- EXERCISE INSTRUCTIONS -
The lines to transcribe begin with the one containing "of Lar | ||" and end with the last line below; reproduce them exactly, without the pictures.
*** DATASET SECTION ***
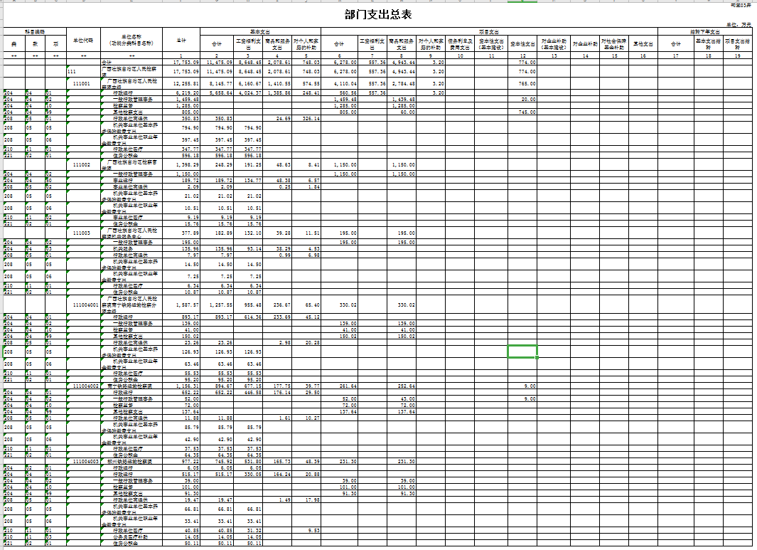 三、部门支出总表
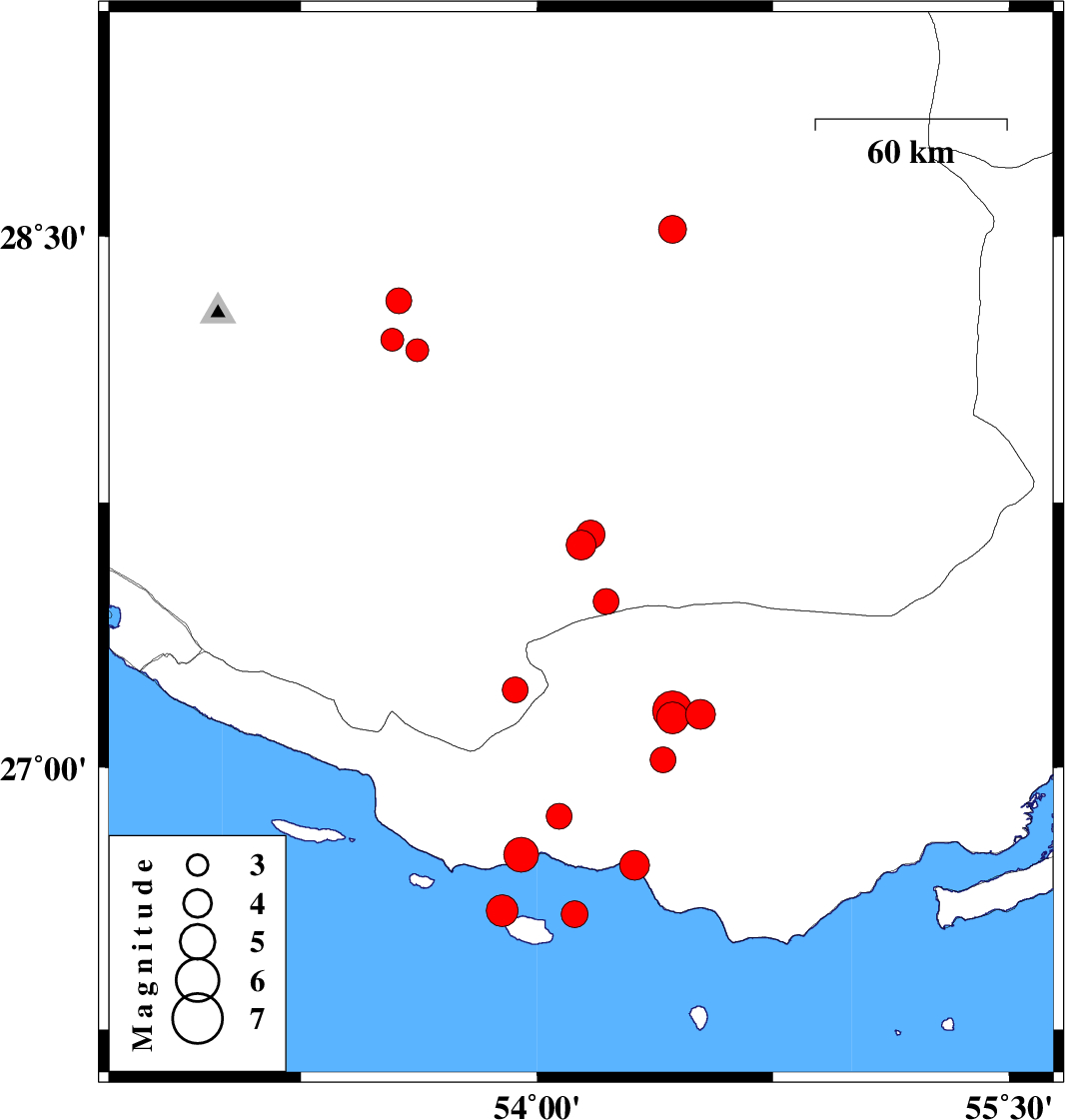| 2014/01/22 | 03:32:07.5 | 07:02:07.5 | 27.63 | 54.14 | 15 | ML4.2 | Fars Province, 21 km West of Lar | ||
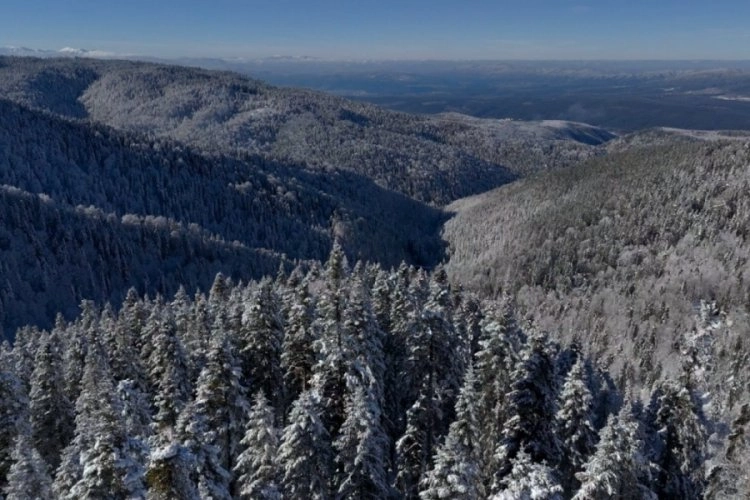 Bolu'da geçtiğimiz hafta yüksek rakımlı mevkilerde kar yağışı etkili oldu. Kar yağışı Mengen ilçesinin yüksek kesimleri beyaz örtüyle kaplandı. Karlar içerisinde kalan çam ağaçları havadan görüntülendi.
*** End of DATASET SECTION ***
- RESPONSE -
| 2014/01/22 | 03:32:07.5 | 07:02:07.5 | 27.63 | 54.14 | 15 | ML4.2 | Fars Province, 21 km West of Lar | ||
 Bolu'da geçtiğimiz hafta yüksek rakımlı mevkilerde kar yağışı etkili oldu. Kar yağışı Mengen ilçesinin yüksek kesimleri beyaz örtüyle kaplandı. Karlar içerisinde kalan çam ağaçları havadan görüntülendi.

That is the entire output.